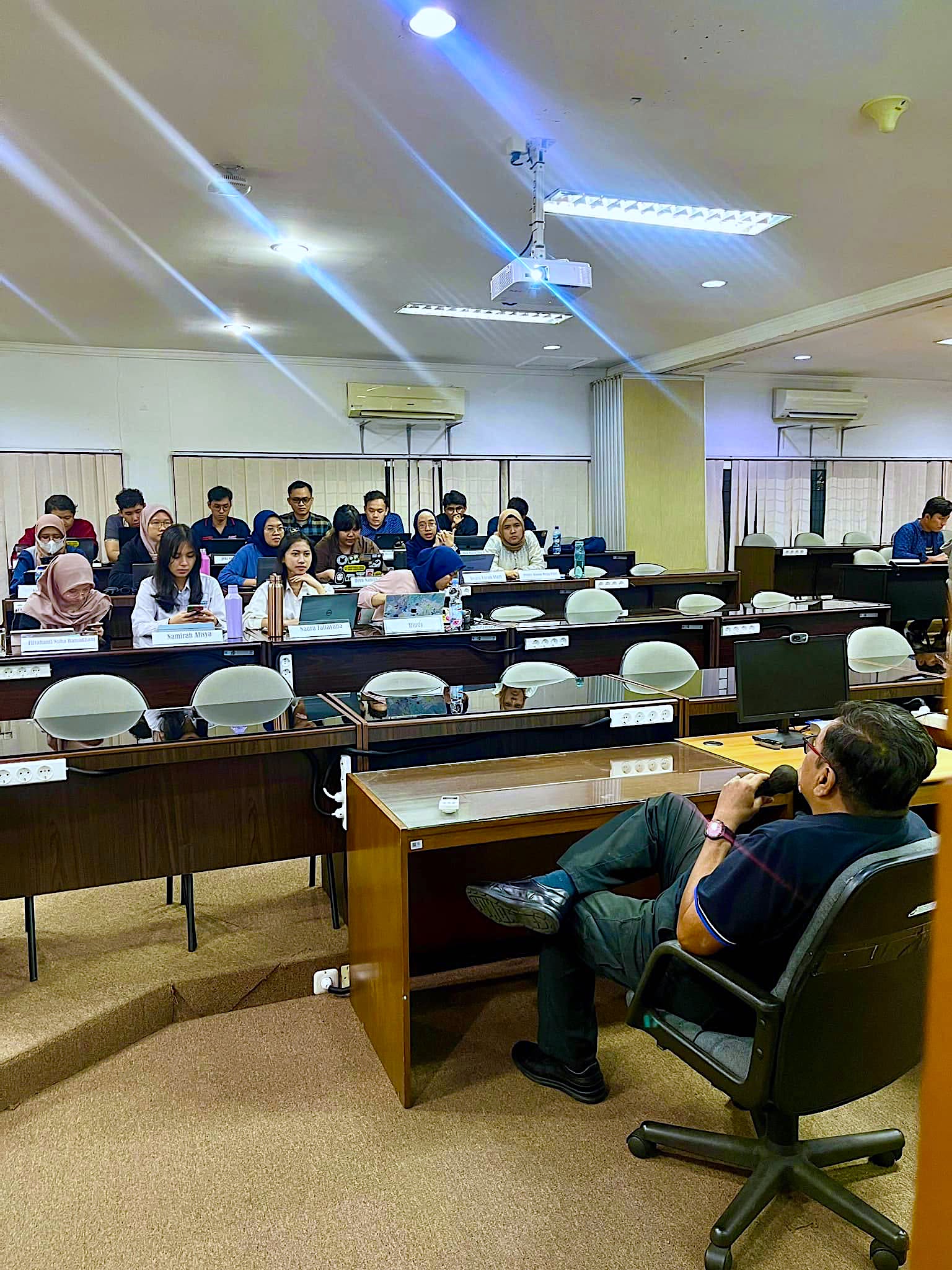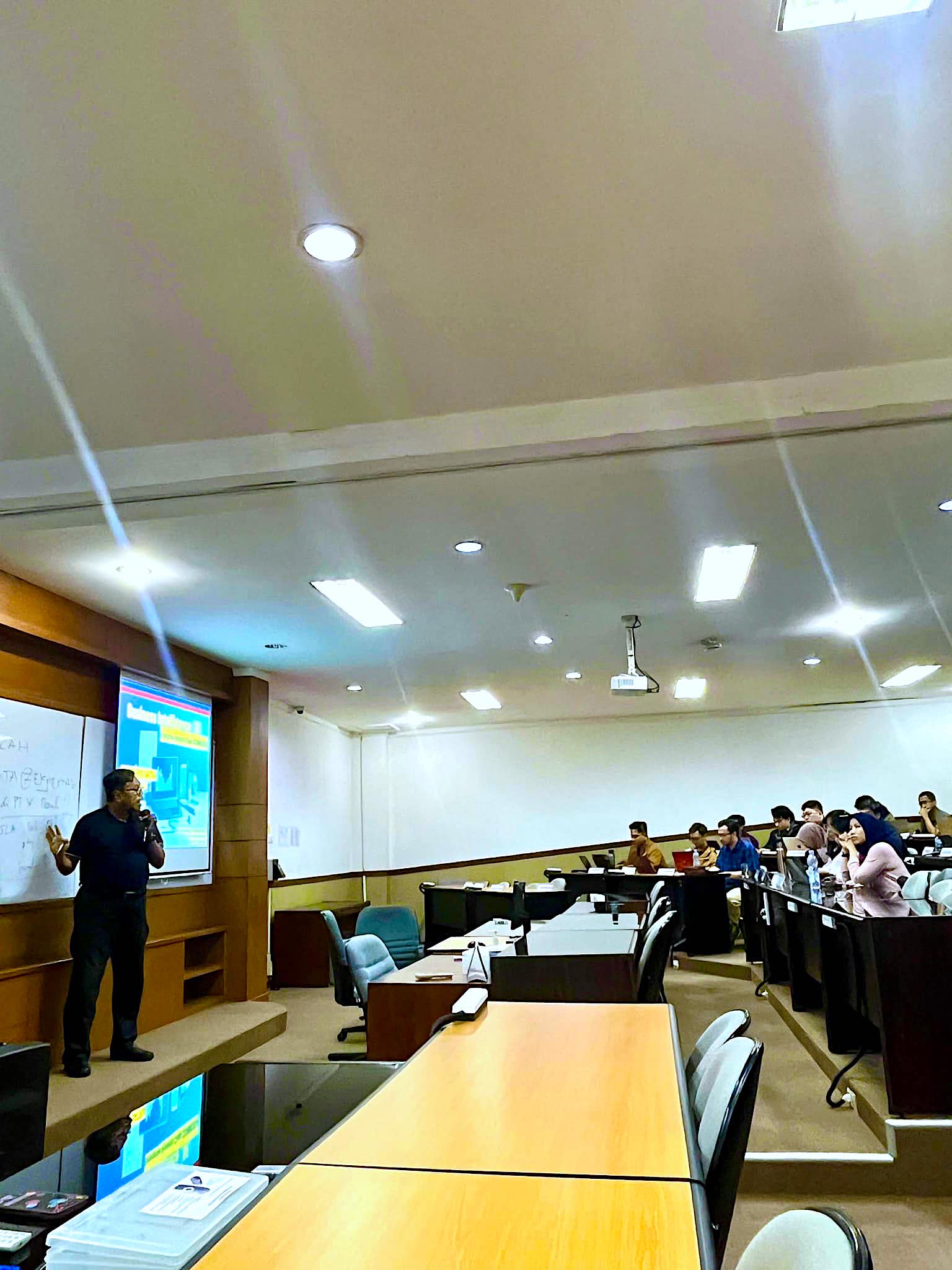 Saya jelaskan lebih lanjut, "Tugas saya sebagai dosen adalah menjadi fasilitator Anda semua dalam belajar, semacam learning partner. Dengan demikian, belum tentu seorang dosen itu lebih pintar dari Anda.
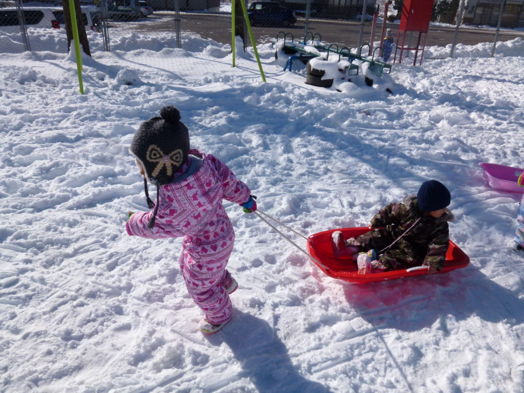 ソリ遊びも子ども達の人気の遊びです。友達を乗せて引っ張っていきます。「どこに行きますか~?」「向こうまでお願いします」タクシーの運転手さんみたいです。
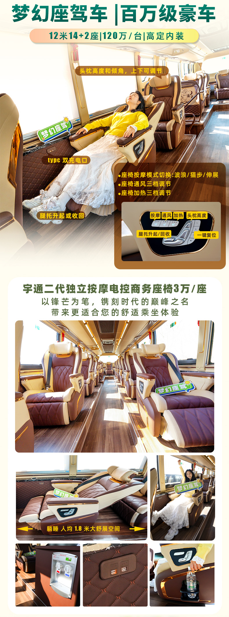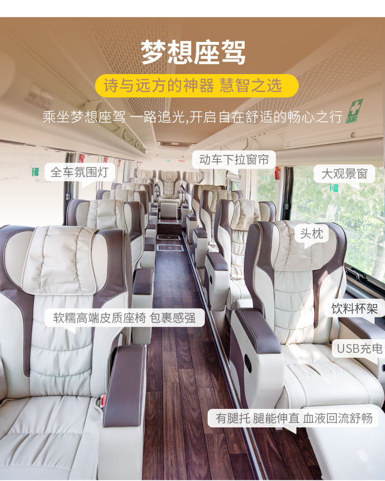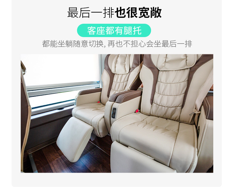 梦想座驾车:为页面展示1排仅2座,15座车,车身为39座长度,有腿托,舒适宽敞,最后一排为3座;

_AIM OF THE TASK_
Copy the whole listing above word for word but do not carry over the pictures.

_SOLUTION TO THIS PROBLEM_
 Saya jelaskan lebih lanjut, "Tugas saya sebagai dosen adalah menjadi fasilitator Anda semua dalam belajar, semacam learning partner. Dengan demikian, belum tentu seorang dosen itu lebih pintar dari Anda.
 ソリ遊びも子ども達の人気の遊びです。友達を乗せて引っ張っていきます。「どこに行きますか~?」「向こうまでお願いします」タクシーの運転手さんみたいです。
 梦想座驾车:为页面展示1排仅2座,15座车,车身为39座长度,有腿托,舒适宽敞,最后一排为3座;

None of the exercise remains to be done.